NL uses potentially biased algorithm for visa applications
The Netherlands is using a secret and potentially illegal algorithm to score visa applicants, according to an investigation by the NRC and journalism collective Lighthouse Reports.
And despite the foreign affairs ministry’s own privacy chief recommending the system be dropped, it is still in use, the NRC said on Monday.
The foreign affairs ministry has been using the profiling system to calculate the risk score of short-stay visa applicants applying to enter the Netherlands and Schengen area since 2015.
According to Lighthouse and the NRC the system has profiled millions of visa applicants based nationality, gender and age and those who are deemed ‘high risk’ are automatically moved to an ‘intensive track’ which can mean long delays and refusal.

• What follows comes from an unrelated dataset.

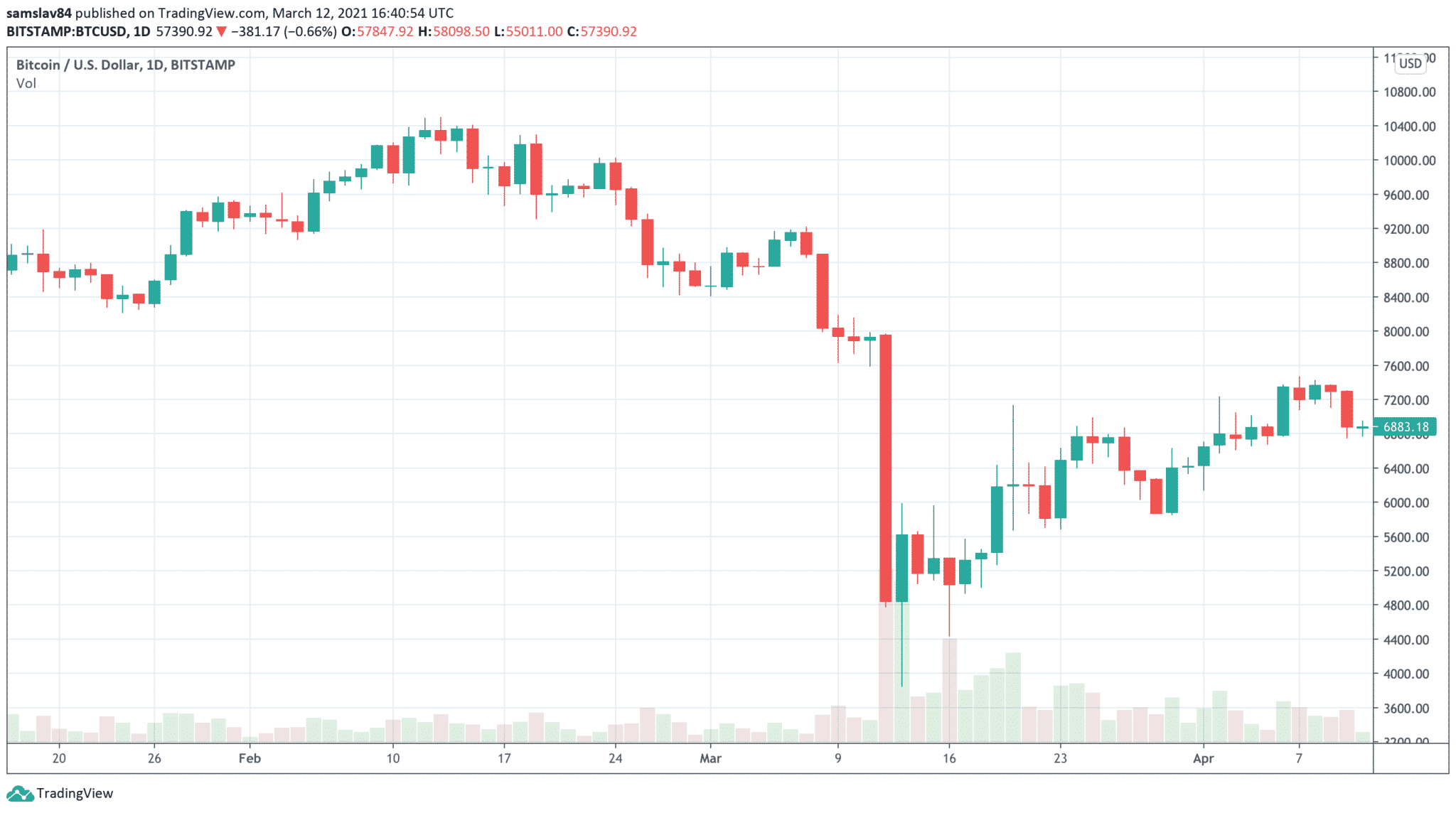 Krach Bitcoinu z 12. marca vošiel do histórie aj, ako (v tej dobe) najvyššia, červená svieca. Ešte ráno sa veselo obchodovalo za $8000 a večer trhy uzatvárali pod 5000 dolármi. Korekcia potom v piatok trinásteho pokračovala ešte nižšie, no Bitcoin nakoniec deň uzavrel v pluse.

‘Family members of Dutch citizens with a migration background are prevented in all kinds of ways by the foreign affairs ministry from getting a visa for short stays,’ MP Kati Piri told the publications.
Regardless of the ministry claims about the system’s efficiency ‘it is incredibly difficult to get a visa from countries like Morocco and Suriname,’ Piri said.
Bias
The Netherlands has been called out several times for using biased algorithms and earlier this year, data protection watchdog Autoriteit Persoonsgegevens (AP) said it had started monitoring the use of algorithms as part of a government programme to prevent discrimination and exclusion.
The child benefit scandal which erupted in 2020 is a case in point. Between 2004 and 2019, thousands of parents were unjustly labelled fraudsters. Being a dual national was one of the indicators for a potential fraud risk, and the data of dual nationals was processed in an unlawful and discriminatory way.
Another example is the government fraud detection programme SyRI which was found to break human rights following a court case.